The unit of analysis in this study is tourist visitors at Batakan Baru Beach, with a sample of 191 respondents taken using purposive sampling. This technique was chosen to ensure that the samples taken represent the characteristics of tourist visitors at Batakan Baru Beach so that the study results can better represent a wider population.

Data Analysis

Data analysis using SmartPLS 3.2.9, with outer and inner model evaluation stages and hypothesis testing. Outer Model statistical analysis with Confirmatory Factor Analyses (CFA). SPSS data processing software was also used for other statistical purposes. Several fit indices, such as Comparative Fit Index (CFI) and Incremental Fit Index (IFI), were used to evaluate the research model developed (Edwards, 2001; Fan et al., 1999; Hall & Shackman, 2020; Hoyle, 1995). For both fit indices, we used the ideal target criterion of at least 0.95 (L. Hu & Bentler, 1999). Thus, the analysis steps included item reliability testing, internal consistency, discriminant validity, and hypothesis testing, which used regression analysis.

Results

Description of Research Subjects

Most research subjects were females working as employees, students, and homemakers with a high school education level or above (Table 1).

Description of Visit Frequency

Most tourists visit between 2 and 3 times, some more than five times. This indicates that Batakan Baru Beach is an exciting, not dull tourist attraction with sustainable performance (Table 2).
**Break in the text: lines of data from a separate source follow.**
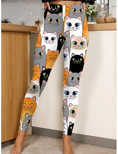 Жен. Леггинсы Отпуск Винтаж Этнический стиль Полная длина Завышенная Графика Кот 3D печать Быстровысыхающий Воздухопроницаемость Мягкий Эластичная на открытом воздухе Дом Повседневные
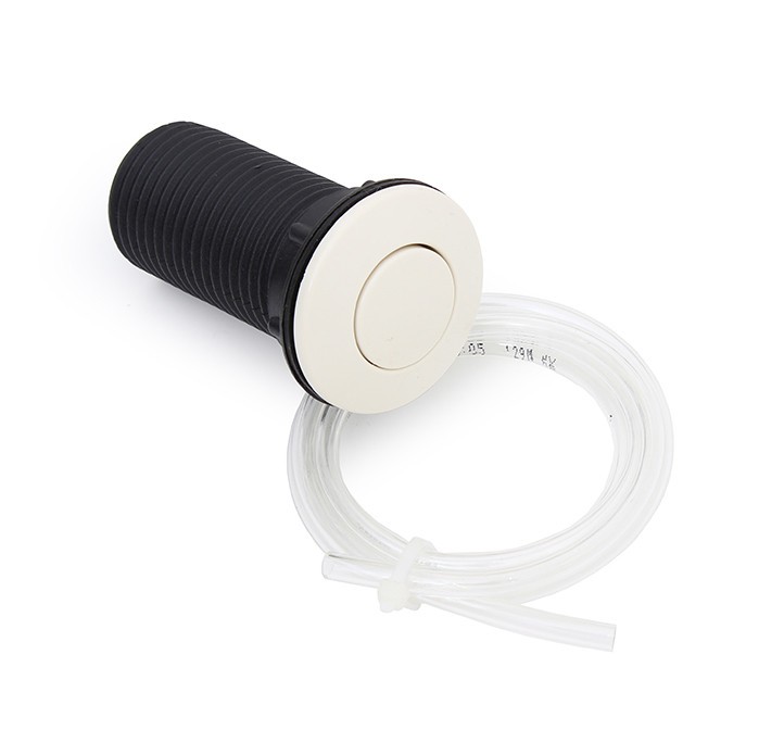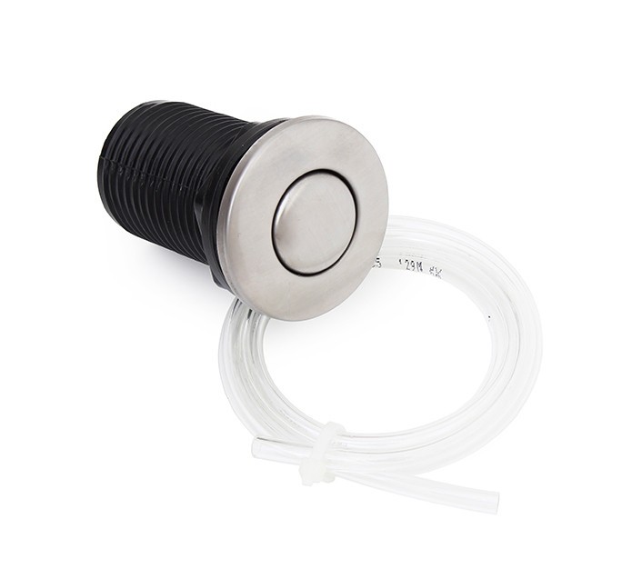 Komplet Pneu-tlačidlo vr. hadičky je určený pre drviče EcoMaster so vstavaným vzduchovým spínačom. Pre jednoduché, pohodlné a zároveň bezpečné ovládanie drviča EcoMaster. Tento variant je najpoužívanejší, pretože drvič sa zapína a vypína vždy v súčinnosti s vodou, a takto môže byť tlačidlo umiestnené v bezprostrednej blízkosti batérie, tzv. Poruke. Umiestnenie: Do pracovnej dosky, alebo priamo do voľných plôch drezu. Bezpečnosť: Pneuspínač spĺňa všetky požiadavky na bezpečnosť, pretože jeho tlačidlo nedáva priamo el. impulz, ale tlakom stlačeného vzduchu zopne až chránenú elektrickú časť, umiestnenú priamo v tele drviča. Tlačidlo a drvič odpadu sú spojené len vzduchovou hadičkou.
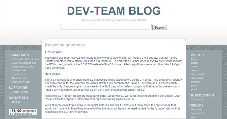 Pour supprimer les limitations de votre iPhone, vous devez modifier le logiciel interne (firmware) de votre machine. Le programme RedsnOw (attention : l’avant-dernier caractère est un zéro et non la lettre « o ») se charge de cette tâche. Obtenez-le sur le site officiel de ses créateurs : http://blog.iphone-dev.org.
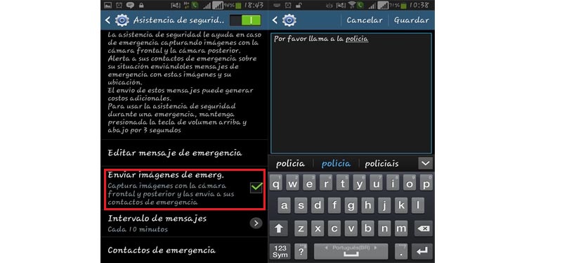 Algunos aparatos Android, como el Samsung Galaxy S4, cuentan con una “Asistencia de Seguridad”, la cual sirve para alertar a tus contactos sobre una situación de riesgo. Mediante un comando simple, como apretar los dos botones del volumen al mismo tiempo por tres segundos, envías un mensaje predeterminado, tu ubicación y fotos para tus contactos seleccionados.
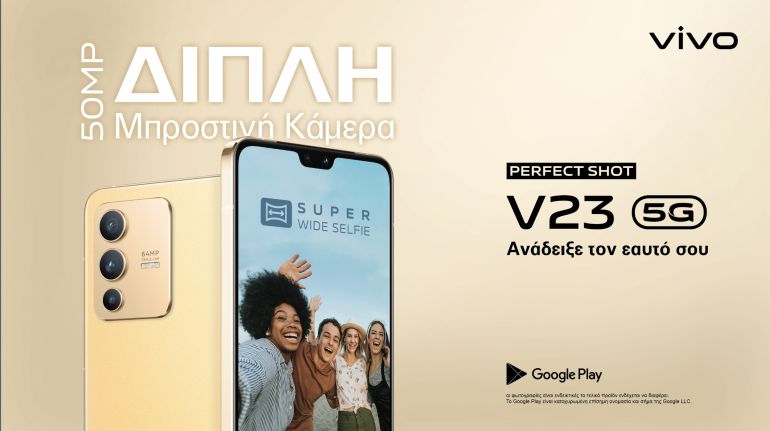 H vivo λανσάρει στην Ελλάδα το νέο smartphone V23 5G και θέτει νέα πρότυπα σε ότι αφορά στο συνδυασμό προηγμένης τεχνολογίας κάμερας και μοναδικής σχεδίασης, με πλάτη που αλλάζει χρώμα και διακρίνεται για την εξαιρετική αίσθηση που προσφέρει.
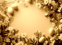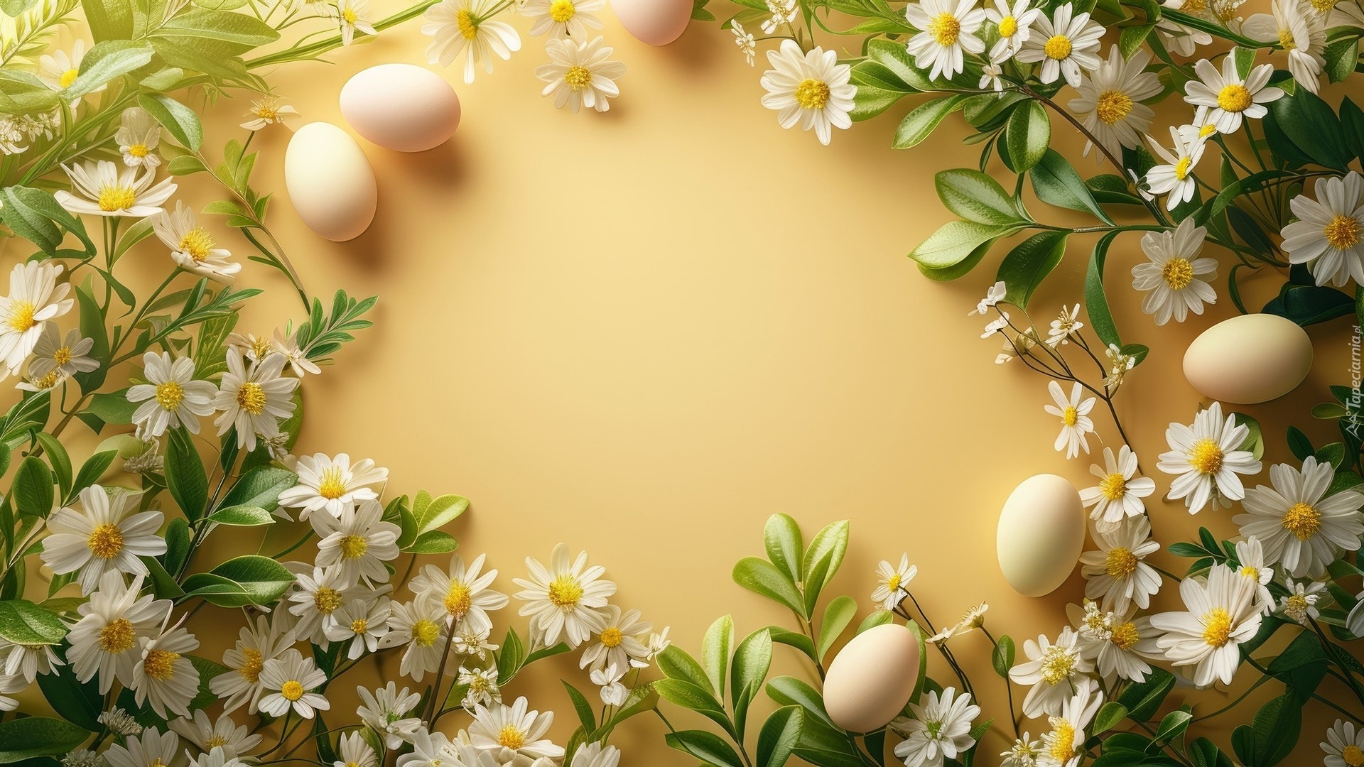 Edytor tapety: Jajka i białe drobne kwiaty na żółtym tle
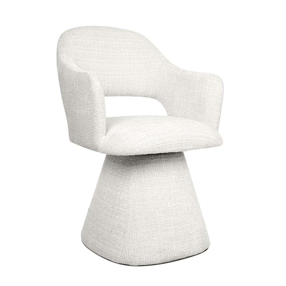 MaMaison krzesło obrotowe VERONA białe. Propozycja dla osób ceniących elegancję, nowoczesny styl i wygodę w jednym. Subtelna forma z lekko zaokrąglonymi podłokietnikami i wycięciem w oparciu tworzy harmonijną i lekką sylwetkę. Całość tapicerowano miękką tkaniną szenilową Davis Cremona 1 w białym kolorze, która dodaje wnętrzu przytulności i elegancji. Podstawa o geometrycznym kształcie ukrywa praktyczną funkcję obrotu z automatycznym powrotem do pozycji wyjściowej, zwiększając komfort użytkowania na co dzień. Verona świetnie odnajdzie się zarówno przy stole w jadalni, jak i w eleganckim lobby czy domowym biurze. To krzesło, które łączy styl i funkcjonalność. Wymiary: wys. 88 cm / szer. 61 cm / gł. 58 cm Wysokość do krawędzi siedziska: 49 cm Wysokość do podłokietników: 69 cm Siedzisko: szer. 50 cm / gł. 50 cm Oparcie: wys. 48 cm / szer. 32 cm Podstawa: 42 x 42 cm Waga brutto: 10,6 kg Wymiary opakowania: 66 cm / 61 cm / 51 cm.
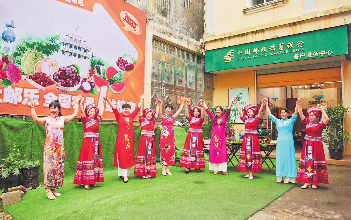 “朋友請(qǐng)到憑祥來,火紅的木棉為你開。這里有雄偉的友誼關(guān),這里有富饒的邊寨,這里是祖國開放的大門……”6月5日中午,采訪組沿著友誼鎮(zhèn)的邊境郵路一路前行,還沒到鎮(zhèn)上的弄懷營業(yè)所,就聽到了陣陣歡歌笑語。
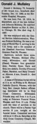 Children of Donald John Mullaley and Josephine M. Kaczor
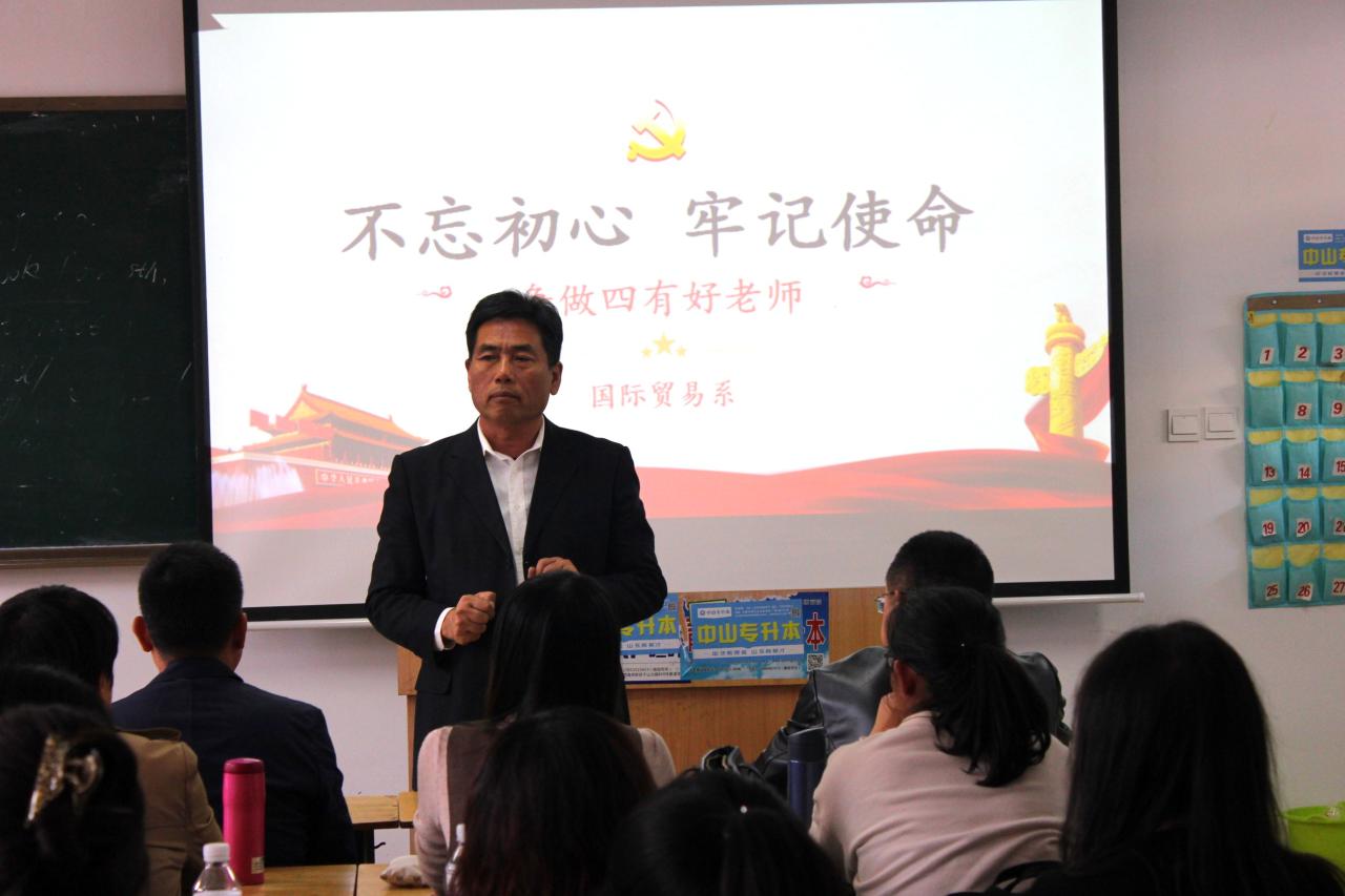 10月31日,国际贸易系举办“不忘初心、牢记使命——争做四有好老师”主题教育座谈会。国际贸易系全体辅导员以及教师、班主任代表参加了座谈,系党总支书记苏春鹏主持本次座谈。

Validity and Reliability Check of the Questionnaire

Several statistical measures were applied to ensure the internal consistency and reliability of the constructs. Cronbach’s Alpha values of 0.70 or higher are acceptable for internal consistency (Nunnally, 1978). Similarly, Rho_A values above 0.70 are recommended for evaluating construct reliability (Dijkstra & Henseler, 2015). Composite Reliability (CR) scores of 0.70 or greater indicate strong reliability of the constructs (Hair et al., 2017). In addition, an Average Variance Extracted (AVE) of 0.50 or higher demonstrates that the construct accounts for more than half of the variance in its indicators, ensuring good convergent validity (Fornell & Larcker, 1981). These criteria show that the results of the analysis meet the criteria used. Thus, the questionnaire in this study is valid and reliable (Table 3).

SEM Analysis

SEM-PLS analysis in the initial stage was carried out to explore valid indicators, i.e., having a loading factor value ≥ 0.70 (Hair et al., 2017). The PEQ variable has four invalid indicators, namely PEQ2, PEQ3, PEQ4, PEQ7, and PEQ8. The PBC variable indicators are PBC1 and PBC5, and the SSE variable indicators are SSE8 and M010. Then, these indicators were removed from the model, and further analysis results are shown in Figure 2.

The Goodness of fit Model

The criteria for VIF values are based on the views of Hair et al. (2017) that VIF values should ideally be below 3, indicating low multicollinearity among the independent variables. Thus, it can be seen that the homoscedasticity aspect in the analysis results model is fulfilled, as shown in Table 4.
The SRMR, d_G, and NFI assessments are based on the following: An SRMR value of 0.08 or less indicates a good fit between the model and the data (L. Hu & Bentler, 1999). A lower d_G value suggests a better fit between the observed and the predicted covariance matrices (Hair et al., 2017), whereas lower values (closer to zero) indicate a better model fit with no sharp boundaries. NFI values above 0.90 are considered good model fit indicators (Bentler & Bonett, 1980). An rms Theta value of 0.12 or less is indicative of good model fit (Jörg Henseler et al., 2014), and a Q-square value greater than zero indicates that the model has predictive relevance (J. Henseler et al., 2009). Thus, it can be seen that the goodness of fit of the analysis result model is fulfilled (Table 5).
Hair et al. (2017) argue that f-square values of 0.02, 0.15, and 0.35 denote small, medium, and large effect sizes, respectively. Thus, the influence of Attitude on Environmentally Responsible Behavior Intention (ERB intention) and SSE, ERB intention on SSE, and Perceived Environment Quality (PEQ) on ERB intention are in the medium and large categories. Other relationships are in the small category (Table 6).

Variable Profile

The variable profile consists of a mean value that empirically shows the degree of the variable’s good or bad value or high or low value according to field conditions. The response item score on the questionnaire is 1 = very low to 5 = very high. The factor loading value shows the degree of strength or weakness of the indicator as a measure of the variable, where the greater the value means the indicator is more critical or reflects the variable more strongly (Table 7).
In the endogenous variables for the ERB intention variable, the critical indicator is ERB2. On the other hand, in the SSE variable, three indicators have a relatively balanced degree of strength in reflecting it: SSE6, SSE3, and SSE7. All of these indicators are empirically in the field. Their conditions are included in the good category (Table 8).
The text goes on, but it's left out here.